10 Amendments. HARVEST may amend this Agreement from time to time by providing Member with at least thirty (30) days’ prior written notice. Any such amendment shall become effective on the stated effective date. Member’s continued access to or participation in the HARVEST Platform, or continued performance of services after the effective date, shall constitute acceptance of the amendment. If Member does not agree to an amendment, Member may terminate this Agreement prior to the effective date in accordance with the termination provisions set forth herein.
11 Assignment. Member may not assign this Agreement, in whole or in part, or delegate any rights, obligations, or services hereunder without the prior written consent of HARVEST. HARVEST may assign this Agreement, in whole or in part, to any of its Affiliated Companies upon written notice to Member, and Member hereby consents to any such assignment. Following any such assignment, HARVEST shall be released from the rights and obligations expressly assumed by the assignee.

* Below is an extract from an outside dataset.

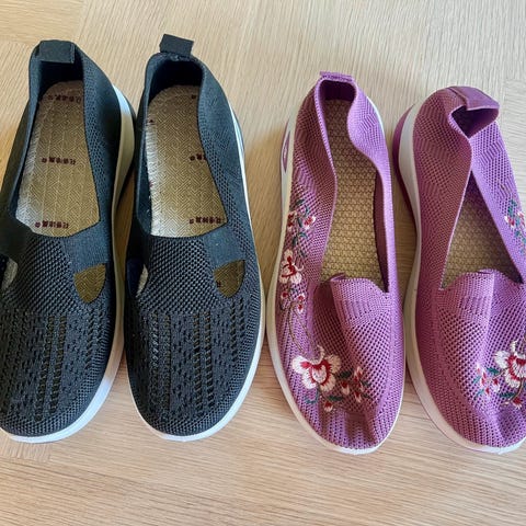 2 par helt nye og ubrukte "sneakers" i str 38 (normal størrelse) i hhv brunt og rosa. Veldig behagelig å ha på, som å gå på en sky, med såle som både støtter og avlaster foten. Lette å ta på, har man smerter (feks ved hallux) er disse en perfekt løsning siden stoffet ikke strammer (som feks skinn gjør), og har en behagelig strech som former seg etter akkuratt din fot.

12 Severability. If any provision of this Agreement is determined by a court of competent jurisdiction or arbitrator to be invalid, illegal, or unenforceable, such provision shall be modified to the minimum extent necessary to render it enforceable, or if modification is not possible, severed, and the remaining provisions shall remain in full force and effect.
IN WITNESS WHEREOF, the Parties have executed this Agreement as of the Effective Date.